• Required action
Each line from the one containing "The large baby" to the last line of the listing below is to be duplicated exactly, and no picture is to be carried over.

******

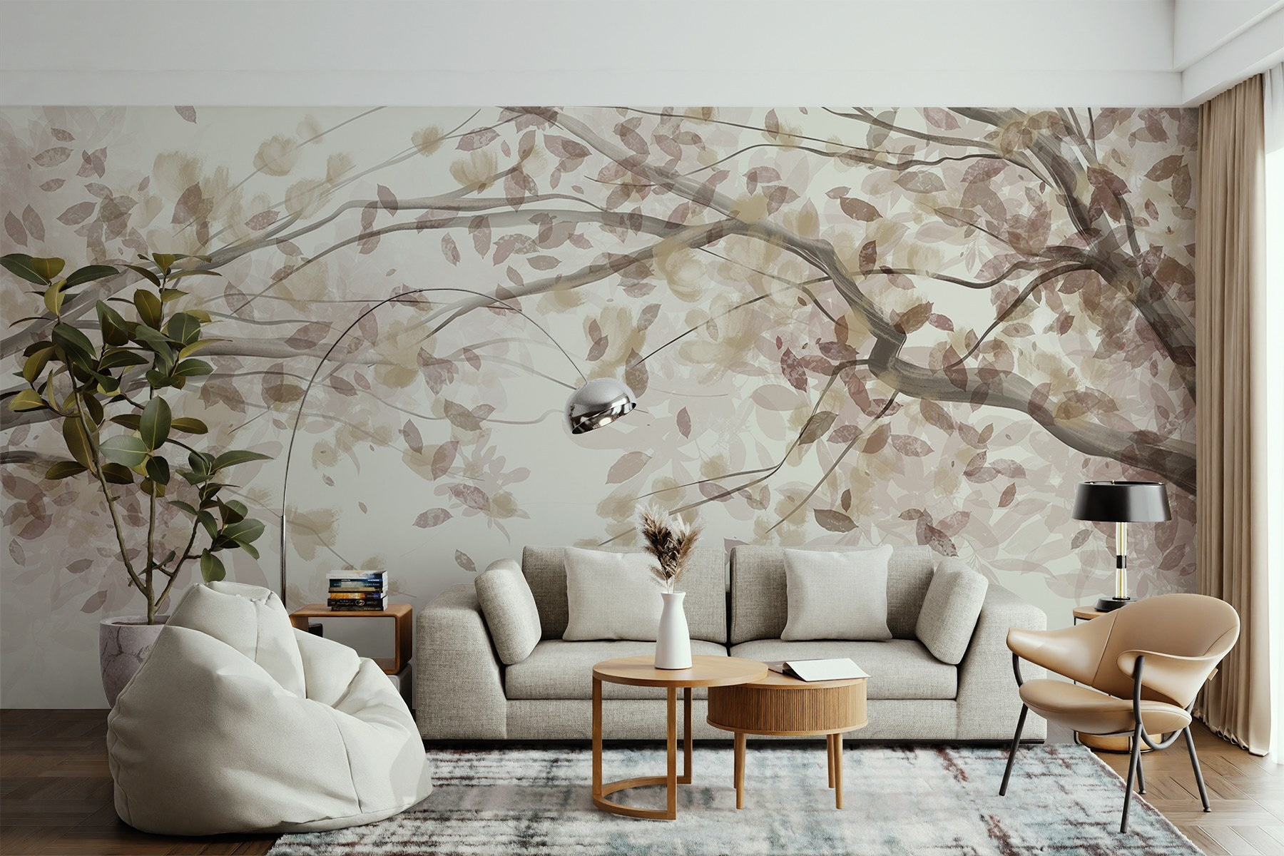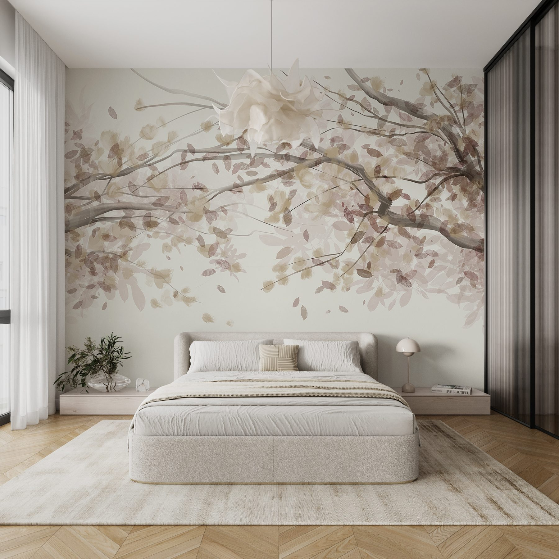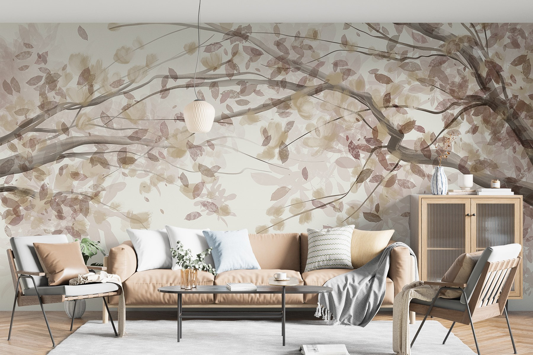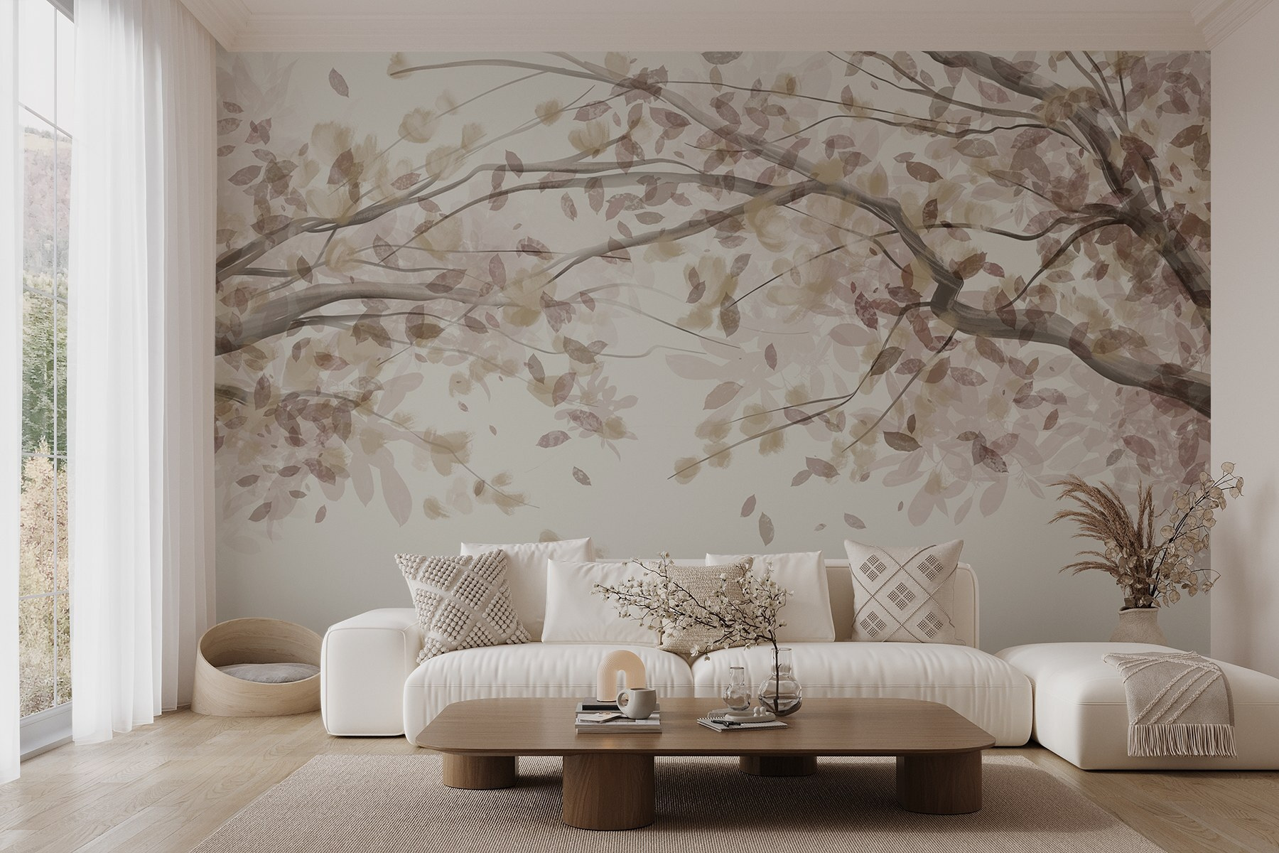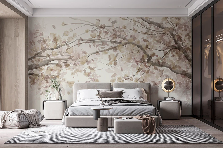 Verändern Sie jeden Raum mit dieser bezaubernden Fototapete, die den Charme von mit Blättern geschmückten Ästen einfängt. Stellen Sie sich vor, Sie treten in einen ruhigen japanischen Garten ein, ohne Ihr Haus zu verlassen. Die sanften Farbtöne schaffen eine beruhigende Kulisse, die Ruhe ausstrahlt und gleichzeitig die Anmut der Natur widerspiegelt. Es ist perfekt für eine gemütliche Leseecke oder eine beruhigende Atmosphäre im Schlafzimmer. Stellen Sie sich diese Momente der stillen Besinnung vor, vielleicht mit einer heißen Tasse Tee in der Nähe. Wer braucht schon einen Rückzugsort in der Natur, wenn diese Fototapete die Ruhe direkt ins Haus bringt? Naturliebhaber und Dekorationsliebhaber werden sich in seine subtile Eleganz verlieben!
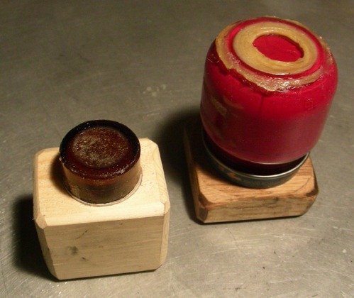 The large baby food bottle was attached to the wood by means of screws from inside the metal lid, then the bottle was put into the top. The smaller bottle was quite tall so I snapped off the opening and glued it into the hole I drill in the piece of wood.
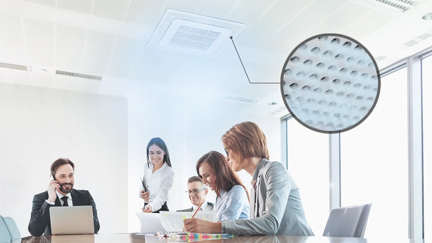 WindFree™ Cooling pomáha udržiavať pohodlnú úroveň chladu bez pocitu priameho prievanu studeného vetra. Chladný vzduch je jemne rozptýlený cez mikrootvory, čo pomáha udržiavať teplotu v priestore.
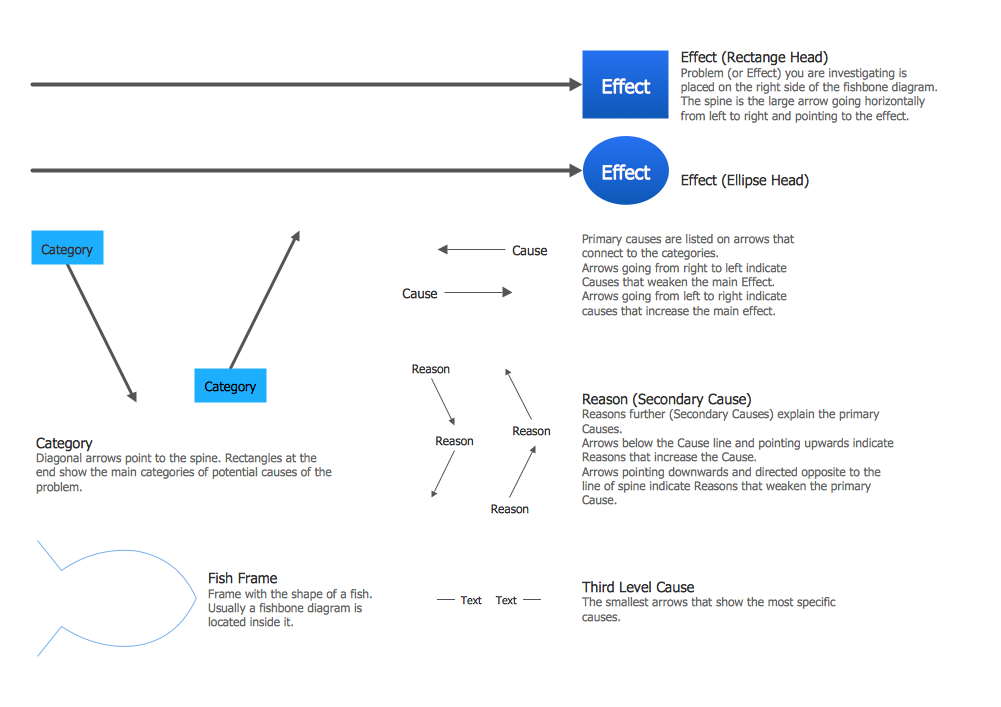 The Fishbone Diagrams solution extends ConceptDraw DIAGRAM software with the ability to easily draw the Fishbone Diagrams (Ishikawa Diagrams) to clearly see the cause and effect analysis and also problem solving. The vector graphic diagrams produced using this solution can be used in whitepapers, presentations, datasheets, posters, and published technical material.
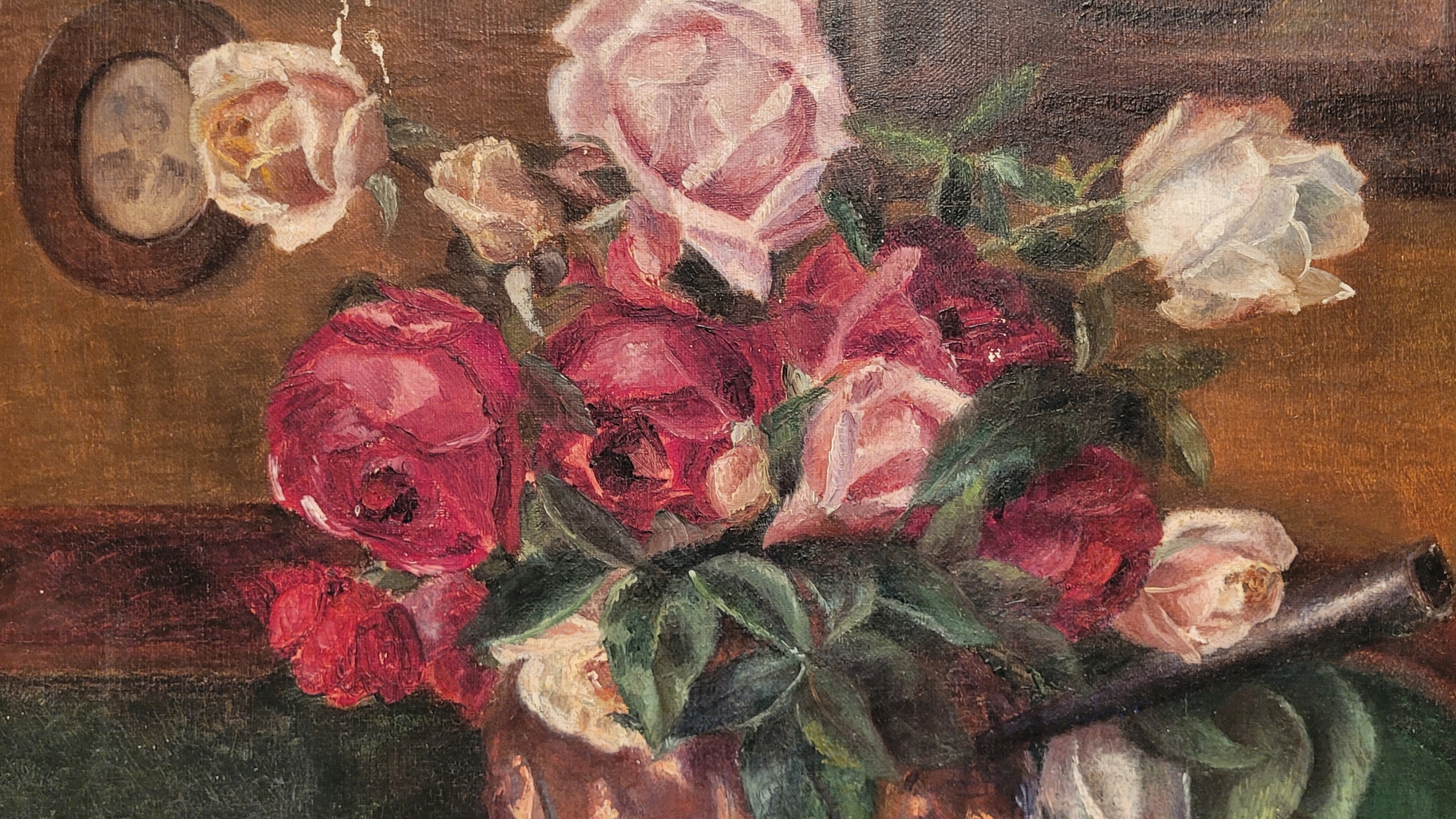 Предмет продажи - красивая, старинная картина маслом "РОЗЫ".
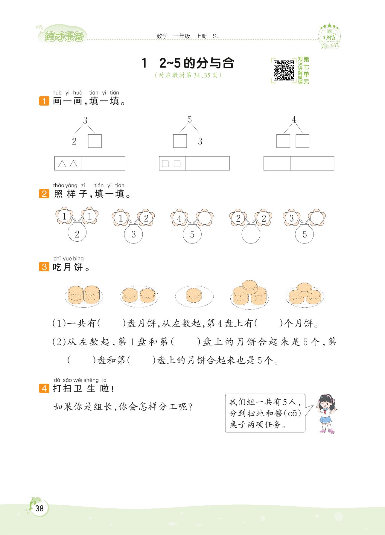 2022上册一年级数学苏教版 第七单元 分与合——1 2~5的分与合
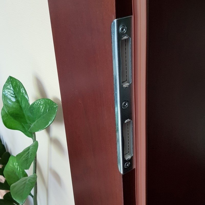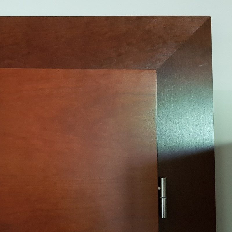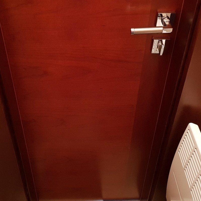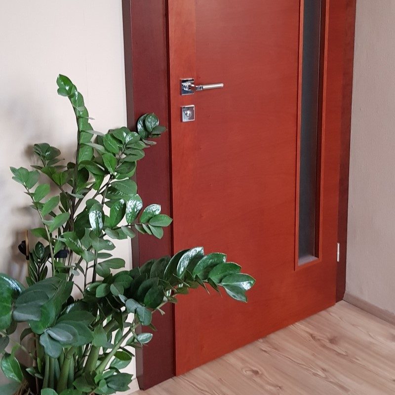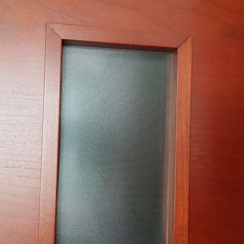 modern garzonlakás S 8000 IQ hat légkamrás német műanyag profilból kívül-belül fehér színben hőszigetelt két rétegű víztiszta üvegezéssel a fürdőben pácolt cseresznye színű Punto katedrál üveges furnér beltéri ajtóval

******

• Response below
 The large baby food bottle was attached to the wood by means of screws from inside the metal lid, then the bottle was put into the top. The smaller bottle was quite tall so I snapped off the opening and glued it into the hole I drill in the piece of wood.
 WindFree™ Cooling pomáha udržiavať pohodlnú úroveň chladu bez pocitu priameho prievanu studeného vetra. Chladný vzduch je jemne rozptýlený cez mikrootvory, čo pomáha udržiavať teplotu v priestore.
 The Fishbone Diagrams solution extends ConceptDraw DIAGRAM software with the ability to easily draw the Fishbone Diagrams (Ishikawa Diagrams) to clearly see the cause and effect analysis and also problem solving. The vector graphic diagrams produced using this solution can be used in whitepapers, presentations, datasheets, posters, and published technical material.
 Предмет продажи - красивая, старинная картина маслом "РОЗЫ".
 2022上册一年级数学苏教版 第七单元 分与合——1 2~5的分与合
 modern garzonlakás S 8000 IQ hat légkamrás német műanyag profilból kívül-belül fehér színben hőszigetelt két rétegű víztiszta üvegezéssel a fürdőben pácolt cseresznye színű Punto katedrál üveges furnér beltéri ajtóval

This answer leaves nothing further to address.